Only the lines from the one containing "چند راهی برق" through the final line below belong in the output, copied exactly and without pictures.
──────── Material provided ────────
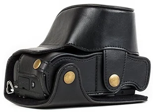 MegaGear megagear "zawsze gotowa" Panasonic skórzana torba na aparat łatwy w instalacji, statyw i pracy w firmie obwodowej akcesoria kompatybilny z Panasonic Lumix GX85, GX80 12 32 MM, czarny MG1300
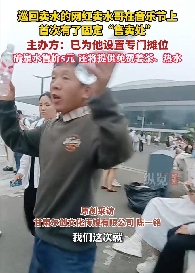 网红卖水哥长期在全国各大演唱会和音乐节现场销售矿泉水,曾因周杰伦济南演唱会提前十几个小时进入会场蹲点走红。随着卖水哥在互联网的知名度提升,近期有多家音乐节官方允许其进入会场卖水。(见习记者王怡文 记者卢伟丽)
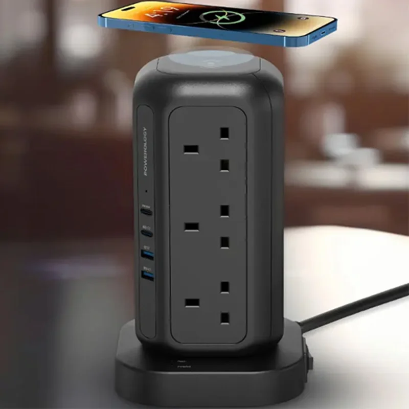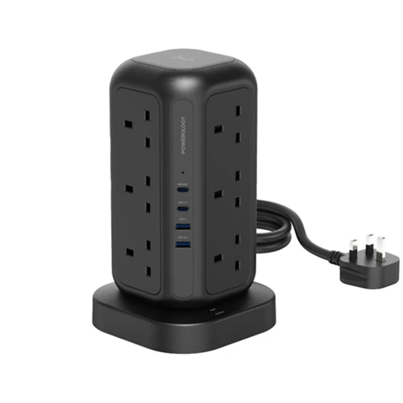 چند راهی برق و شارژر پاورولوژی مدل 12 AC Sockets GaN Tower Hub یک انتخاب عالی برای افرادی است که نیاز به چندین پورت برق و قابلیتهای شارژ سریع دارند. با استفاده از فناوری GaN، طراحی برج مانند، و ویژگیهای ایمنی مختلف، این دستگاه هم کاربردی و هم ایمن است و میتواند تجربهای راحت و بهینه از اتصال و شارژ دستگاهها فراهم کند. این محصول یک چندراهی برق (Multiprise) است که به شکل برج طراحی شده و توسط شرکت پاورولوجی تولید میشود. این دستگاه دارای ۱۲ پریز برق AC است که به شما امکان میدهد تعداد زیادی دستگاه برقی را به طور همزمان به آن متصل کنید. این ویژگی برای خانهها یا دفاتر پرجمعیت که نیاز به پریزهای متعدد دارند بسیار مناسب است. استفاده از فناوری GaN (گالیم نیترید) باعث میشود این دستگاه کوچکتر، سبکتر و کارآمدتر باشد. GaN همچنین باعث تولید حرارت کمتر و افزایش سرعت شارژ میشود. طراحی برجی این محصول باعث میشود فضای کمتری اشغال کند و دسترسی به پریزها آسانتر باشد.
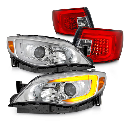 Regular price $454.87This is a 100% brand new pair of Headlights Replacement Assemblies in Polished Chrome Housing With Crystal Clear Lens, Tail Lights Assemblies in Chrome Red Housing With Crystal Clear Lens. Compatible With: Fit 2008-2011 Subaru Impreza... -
────────
*Reply to the task:*
 چند راهی برق و شارژر پاورولوژی مدل 12 AC Sockets GaN Tower Hub یک انتخاب عالی برای افرادی است که نیاز به چندین پورت برق و قابلیتهای شارژ سریع دارند. با استفاده از فناوری GaN، طراحی برج مانند، و ویژگیهای ایمنی مختلف، این دستگاه هم کاربردی و هم ایمن است و میتواند تجربهای راحت و بهینه از اتصال و شارژ دستگاهها فراهم کند. این محصول یک چندراهی برق (Multiprise) است که به شکل برج طراحی شده و توسط شرکت پاورولوجی تولید میشود. این دستگاه دارای ۱۲ پریز برق AC است که به شما امکان میدهد تعداد زیادی دستگاه برقی را به طور همزمان به آن متصل کنید. این ویژگی برای خانهها یا دفاتر پرجمعیت که نیاز به پریزهای متعدد دارند بسیار مناسب است. استفاده از فناوری GaN (گالیم نیترید) باعث میشود این دستگاه کوچکتر، سبکتر و کارآمدتر باشد. GaN همچنین باعث تولید حرارت کمتر و افزایش سرعت شارژ میشود. طراحی برجی این محصول باعث میشود فضای کمتری اشغال کند و دسترسی به پریزها آسانتر باشد.
 Regular price $454.87This is a 100% brand new pair of Headlights Replacement Assemblies in Polished Chrome Housing With Crystal Clear Lens, Tail Lights Assemblies in Chrome Red Housing With Crystal Clear Lens. Compatible With: Fit 2008-2011 Subaru Impreza... -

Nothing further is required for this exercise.